Now, obtain weight($w$) as we have calculated left inverse of $X$.

<center>
$w = (X^T X)^{-1} X ^ T y$, provided $(X^T X)^{-1}$ exists
</center>

**Task:** 
- compute weight w as $w = X^{-1}_{left}y$

In [85]:
def get_weights(X, y):
    wt = None
    # YOUR CODE HERE
    wt = left_inverse_of(X) @ y
    return wt

w = get_weights(X, y)

In [79]:
### INTENTIONALLY LEFT BLANK

Having obtained the weights vector $w$ from $w = (X^T X)^{-1} X^T y$, let's check if $X w = y$ is valid or not. 

In [82]:
(X @ w == y).any()

False

This has been the case since, $y$ is not contained in the column space of $X$. To do extra.

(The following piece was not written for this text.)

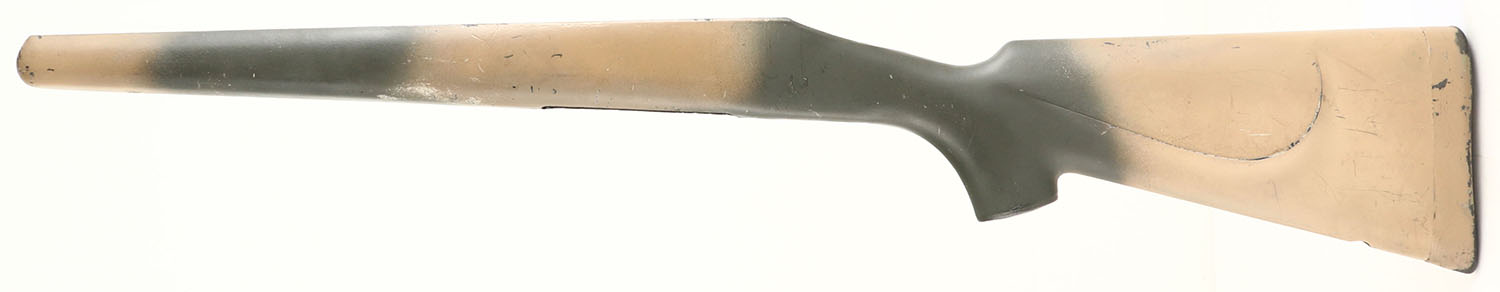 Remington 700 used take-off wooden stock. Capped pistol grip. Rattle can two-tone camo style painted. Some scratches & abrasions, Remington solid recoil pad. Missing sling studs. Overall condition is very good. - Value: 10 to 50

If we consider the dataset ('housing_data.csv') is iid (independent and identically distributed), $X$ will have $1000$ (no of rows in $X$) independent rows but there are only $8$ independent columns. Hence, the column space will be a $8$ dimensional sub-space in $1000$  dimensional vector space, making the $Xw$ for any $w$ a very thin sub-space. Thus, the probability of $y$ being contained in the column space of $X$ will be very low when the real life data is taken. This will reason why the target variable price ($y$ in this case) is not perfectly output by $Xw$. There will be some error in that approximation and what $w = left\_inverse\_of(X) . y$ gives will be the minimum possible error for the case.